Шрифт:
Интервал:
Закладка:
Тропинка уводила в глубину сада… Но надобно представлять себе наши масштабы. В дедушкином саду росло двадцать шесть яблонь. Ну, правда, было еще одно сливовое деревце, был участок малины (шагов до десяти в ширину и длину), были кусты черной смородины вдоль огородного тына (кустов, я думаю, до пятнадцати), немного вишенья, уголок непроходимых джунглей из колючих деревьев и кустов терновника.
От яблока вкусил и Адам. Соблазнительница в раю могла бы подать в ладонях тяжелую виноградную кисть (кстати, столь похожую на женскую грудь и, значит, в символическом ряду лежащую ближе к любви, чем яблоко) или любой другой плод, орех, в конце концов, который тоже символизировал бы женское естество, ибо еще недавно один московский ценитель предмета утверждал, что женщину надобно сперва раскусить и что будто бы попадаются крепенькие орешки.
Нет, не раскусить, а вкусить, и не склевывать по ягодке, а врезать зубы. Яблоко – плод плодов, и ничего другого – ни грушу, ни айву, ни хурму, ни какое-нибудь там экзотическое манго и авокадо – не могла протянуть в раскрытых ладонях первая женщина, предлагая первому мужчине всю сладость мира.

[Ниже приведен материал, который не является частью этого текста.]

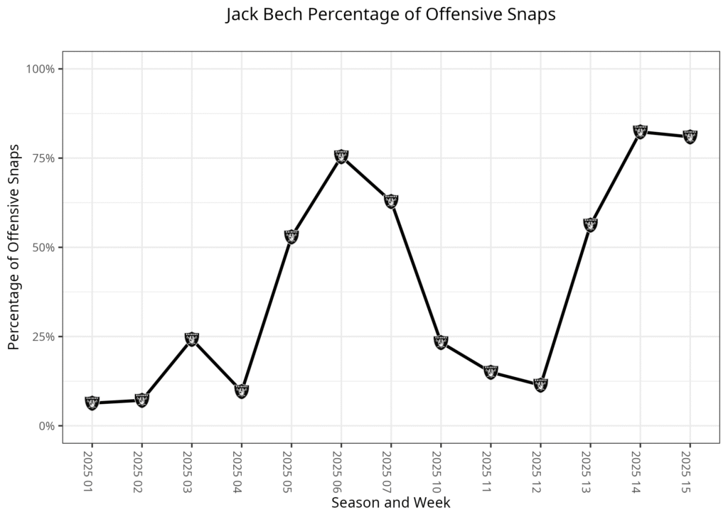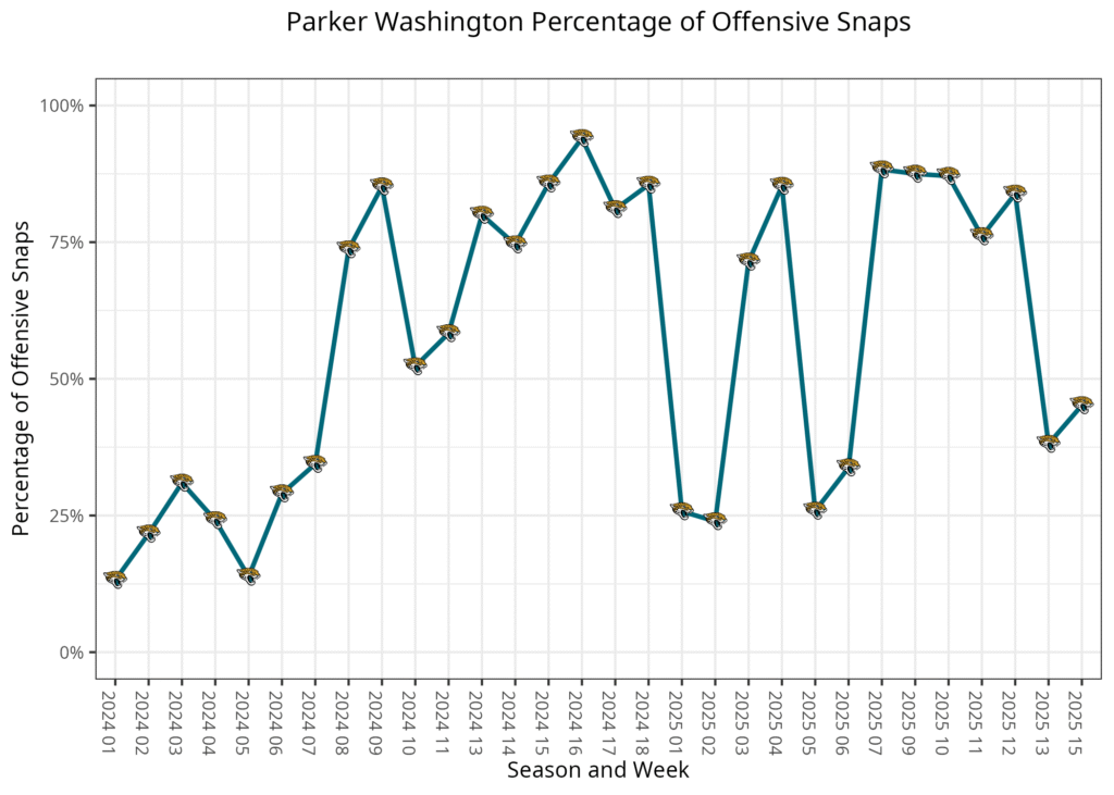 Washington has been a top-three wide receiver, when healthy, most of this season. Most recently, he and Jakobi Meyers were the primary wide receivers, while Brian Thomas Jr. joined them in three-receiver sets. Last week, Thomas was back to being an every-down receiver, while Tim Patrick moved from the backup X spot to Washington’s spot as a Z and slot receiver. Patrick had his best game in several years with five receptions for 78 yards and a touchdown.

В райском дедушкином саду росло двадцать шесть русских чистокровных, без позднейшего мичуринского кровосмесительства и ублюдочности, породистых яблонь. Антоновки, грушовки, боровинка, анисовка, пресная бель, коричные и еще одна яблоня, которую мы называли липовой за то, что плоды ее по прозрачности, аромату и сладости напоминали липовый мед, если налить его, скажем, в тонкостенный, хорошего стекла бокал, а в середине поместить семечки…

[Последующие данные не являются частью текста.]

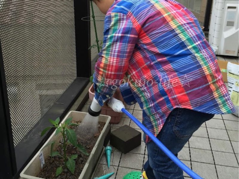 種蒔きから全て家族一緒にやり、毎朝の水やりは息子の日課としました。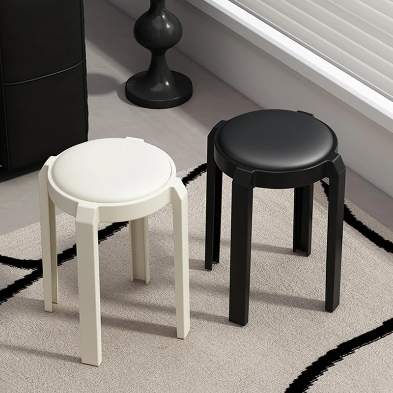 家用プラスチックスツール | 重厚感あるデザインでスタッキング可能!リビングにぴったりなソフトパッケージラウンドスツール | 贅沢な化粧台やダイニングテーブルに最適!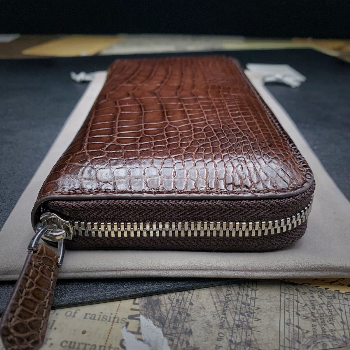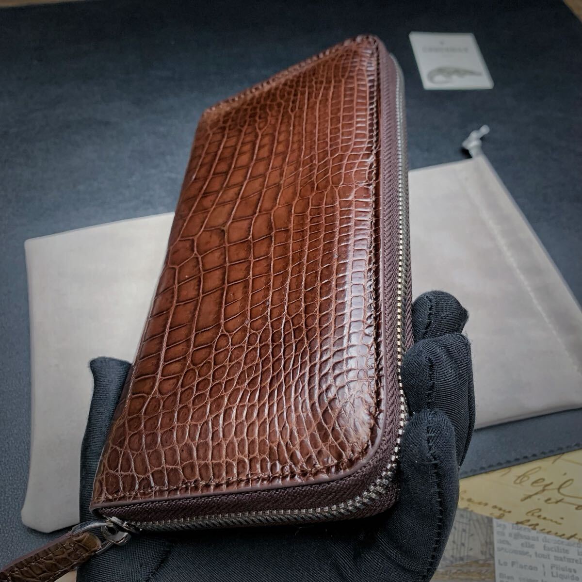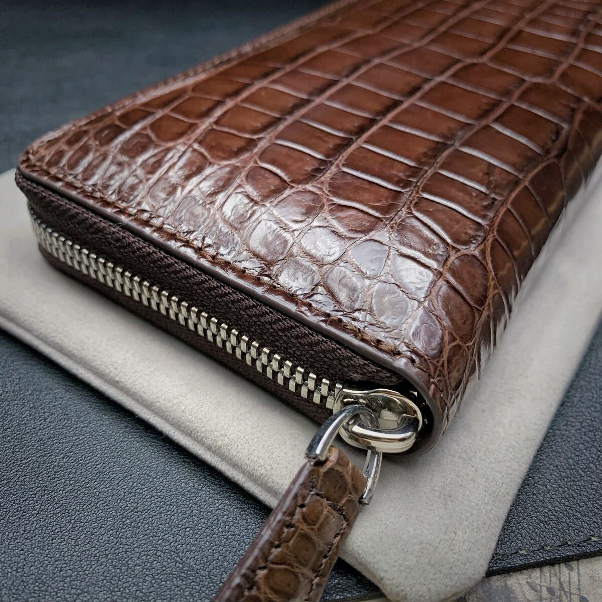 ・クロコダイルと呼ばれている品種のワニ革は人気が高く、独特の模様と凹凸が魅力で、高級ブランド品を中心にクロコダイルが多く使われています。今回はワニ革の代表格である『シャムクロコダイル』のセンターカット腹革のラウンドファスナー財布を出品します。

Сад был невелик, но полон укромных уголков. Кроме того, определенно, ребенком он воспринимался иначе, нежели взрослыми. Взрослые знали: на таком-то месте стоит коричная яблоня, на таком-то грушовка, сего довольно. Ребенок жил в мире крупных планов. Известен сучок на яблоневом стволе, на который ставишь ногу, когда хочешь залезть на яблоню, известна шершавость ствола и его гладкость местами, изгиб, развилка, дупло. У каждой яблони свои микроприметы, свое особенное лицо.
Когда я в последующие годы заходил в наш сад, когда я захожу в него и теперь (как и вообще когда вхожу теперь в любой среднерусский пейзаж и ландшафт), мне кажется, что я захожу в дом, в котором никто не живет, в храм, в котором перестали служить. Мне кажется, я вижу русло реки, по которому больше не течет вода, дно пруда, который весь пересох. Вино без крепости, еда без соли, лес без птиц, весна без цветов, человек без души, природа без одухотворенности…

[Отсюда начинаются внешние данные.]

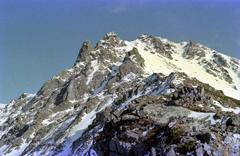 初冬の槍ヶ岳を目指して、新穂高温泉からの日帰り登山に挑戦したことがある。安房峠は冬季閉鎖され、高山経由の大回りなアプローチなので、睡眠は殆どゼロである。人気の無い槍平から中崎尾根に取付くと、西鎌尾根まで膝上のラッセルを強いられた。千丈沢乗越は、強風の為雪が付かない。大槍(槍ヶ岳3180m山頂)と小槍(左の鋭峰)の眺めが素晴らしい!真っ青な青空は、30分も経たないうちにガスに覆い尽くされて、強風と雪が舞い出してきた。槍平へ戻る頃には日は暮れていて、暗闇の中、新穂高温泉に向かって走りに走った。熊や鹿の群れ以外に出会うことのない、長い静かな一日だった。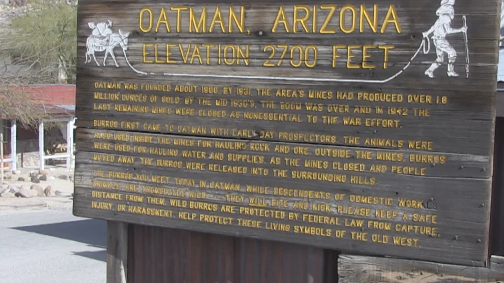 The rise and fall of the gold mining operations, explains the fortunes of the community of Oatman. The approximate value of gold in today’s dollars extracted from the area is over $725,000,000 with the production rise and fall accounting for the population peaking at around 3,500 to the approximately 102 people living there today.

А еще в нашем саду жили пчелы, ульи стояли слева от тропинки задними стенками к ней, а летками, крылечками, на юг, на вишенье, образовывавшее тут густую заросль.
Количества пчел из двадцати дедушкиных ульев хватало не только на наш сад, но и на другие сады, и на старые липы вокруг церкви, и на васильки в полях в первые дни весны, и на бело-розовые гречишные поля, и на лесные порубки с их иван-чаем, и на разноцветье лугов, и на каждый цветок, на какой бы меже он ни расцвел, и на каждую лесную опушку.
Лесная опушка, если разобраться, место такое же райское, как и сад. Нет там, правда, съедобных плодов – ни яблок, ни фиников, ни инжира, но – не единым же хлебом жива душа. Куст можжевельника посреди роскошного ковра цветов (к солнечному пригреву), березки, глядящиеся в голубое озеро льна, мягкая подушка прохладного мха, бабочка, трепетно пересекающая воздушное пространство лесной поляны, разве это все не годилось бы в виде антуража, чтобы оформить место, уготованное для безграничного человеческого блаженства?
Наш сад был ничтожно мал для двадцати сильных, ухоженных пчелиных семей. Пчелы снимались с крылечка, круто взмывали вверх, огибая слишком близко растущее вишенье, и черными трассирующими линиями исчезали в летней голубизне. Двадцать ульев с нацеленными в сторону юга круглыми дырочками летков беспрерывно, бесперебойно, с восхода и до заката обстреливали округу жужжащими черными снарядами. Может быть, не было в окрестностях квадратного метра, на который не попадала бы наша, дедушкина пчела.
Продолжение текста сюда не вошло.